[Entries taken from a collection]
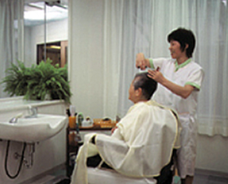 カットやひげそり、ヘアカラー、メイクも行っています。おしゃれに気をつかい、美しさを取り戻すことで、気持ちもリフレッシュ。心身の若さを保つことができ健康にもつながっていきます。
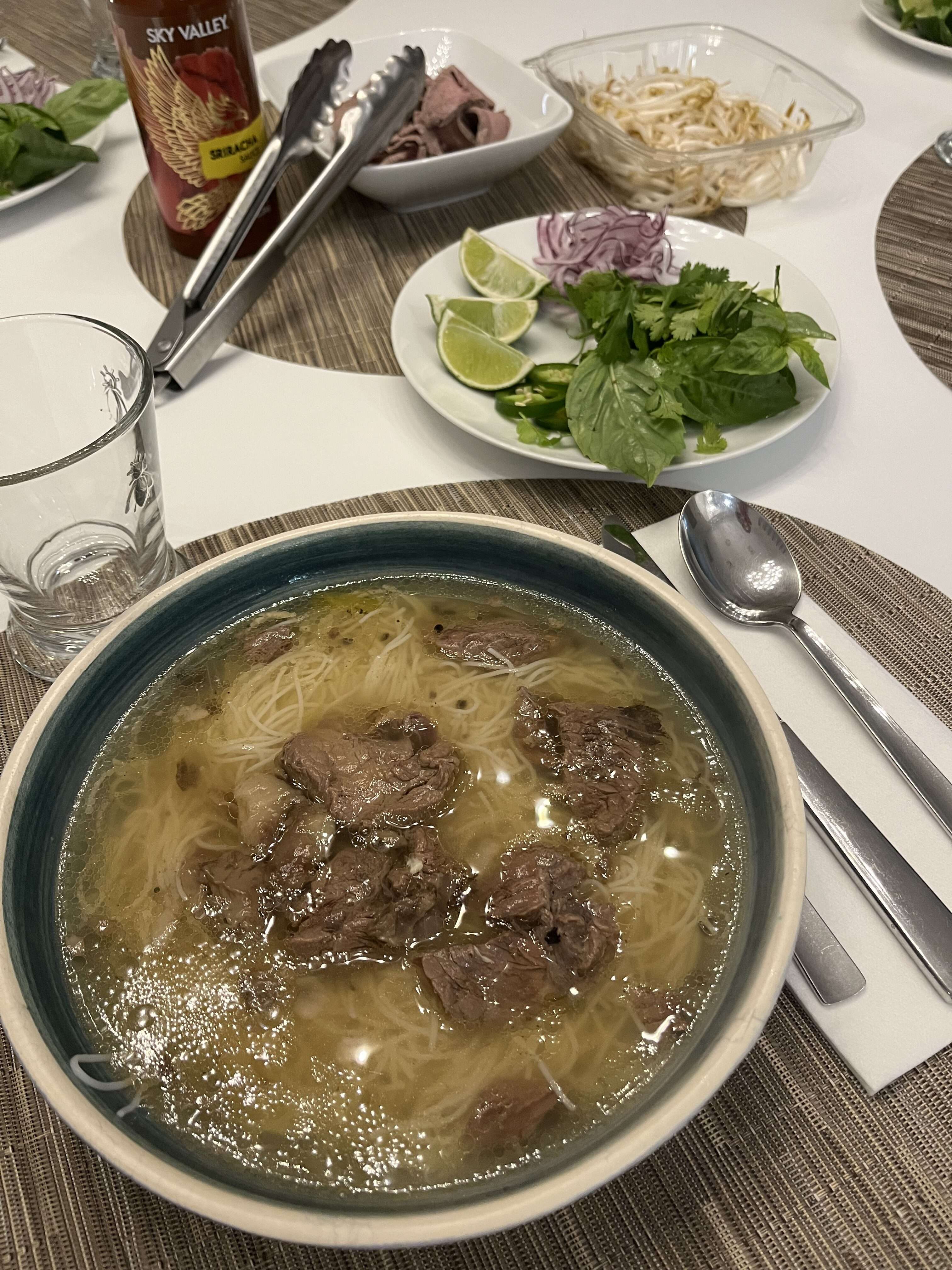 En unos platos soperos, poner los noodles por persona y con un cazo añadir el caldo con trozos de la carne y del tuétano. Se debe haber retirado las cebollas enteras para que el caldo quede mas limpio y fácil de emplatar. En plato individual poner la guarnición para que cada uno se ponga a su gusto. Yo prefiero que el filete crudo troceado finamente se ponga en la mesa para que cada persona se sirva lo que quiera.
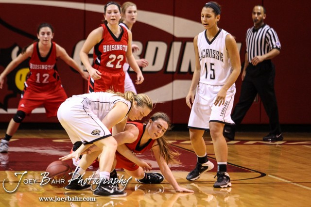 during the 2016 Hoisington Winter Jam Girls Semi-Final Basketball game between the LaCrosse Lady Leopards and the Hoisington Lady Cardinals with LaCrosse winning 42 to 39
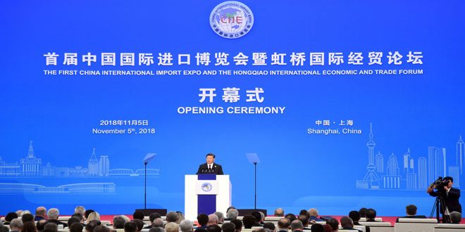 افتتح الرئيس الصيني شي جين بينغ اليوم معرض الصين الدولي الأول للواردات في مدينة شنغهاي بمشاركة أكثر من 130 دولة من بينها سورية.
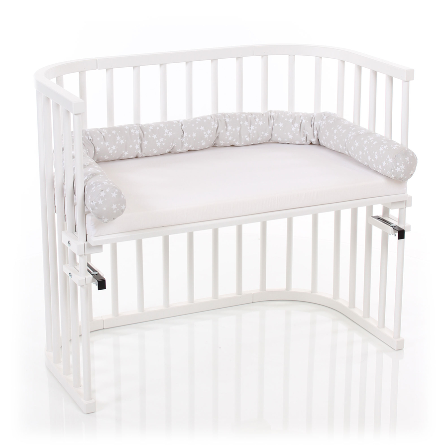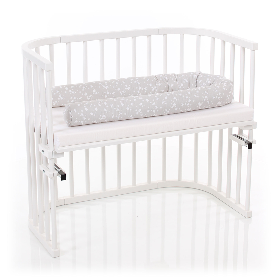 Molti bambini dormono spesso meglio sul lato. In questo aiuta il paracolpi di babybay: posizionatelo nel lettino attorno al vostro bambino per farlo sentire sicuro durante il sonno. Il paracolpi protegge anche la testa dai lati duri del letto. E, perché no, si può anche usare come para-spifferi o per proteggere dagli angoli. Dettagli del prodotto: Dimensioni: ca. 180 x 9 x 9 cm Materiale esterno: 52 % poliestere, 48 % cotone Imbottitura: 100 % Poliestere Lavabile a 40°C Testato per le sostanze nocive e certificato secondo lo Standard 100 da OEKO-TEX® Confidence in Textiles, Classe di prodotto 1 per bambini.

» Aim of the task
Give back an exact reproduction of the entries, with all pictures excluded.

» Answer box
 カットやひげそり、ヘアカラー、メイクも行っています。おしゃれに気をつかい、美しさを取り戻すことで、気持ちもリフレッシュ。心身の若さを保つことができ健康にもつながっていきます。
 En unos platos soperos, poner los noodles por persona y con un cazo añadir el caldo con trozos de la carne y del tuétano. Se debe haber retirado las cebollas enteras para que el caldo quede mas limpio y fácil de emplatar. En plato individual poner la guarnición para que cada uno se ponga a su gusto. Yo prefiero que el filete crudo troceado finamente se ponga en la mesa para que cada persona se sirva lo que quiera.
 during the 2016 Hoisington Winter Jam Girls Semi-Final Basketball game between the LaCrosse Lady Leopards and the Hoisington Lady Cardinals with LaCrosse winning 42 to 39
 افتتح الرئيس الصيني شي جين بينغ اليوم معرض الصين الدولي الأول للواردات في مدينة شنغهاي بمشاركة أكثر من 130 دولة من بينها سورية.
 Molti bambini dormono spesso meglio sul lato. In questo aiuta il paracolpi di babybay: posizionatelo nel lettino attorno al vostro bambino per farlo sentire sicuro durante il sonno. Il paracolpi protegge anche la testa dai lati duri del letto. E, perché no, si può anche usare come para-spifferi o per proteggere dagli angoli. Dettagli del prodotto: Dimensioni: ca. 180 x 9 x 9 cm Materiale esterno: 52 % poliestere, 48 % cotone Imbottitura: 100 % Poliestere Lavabile a 40°C Testato per le sostanze nocive e certificato secondo lo Standard 100 da OEKO-TEX® Confidence in Textiles, Classe di prodotto 1 per bambini.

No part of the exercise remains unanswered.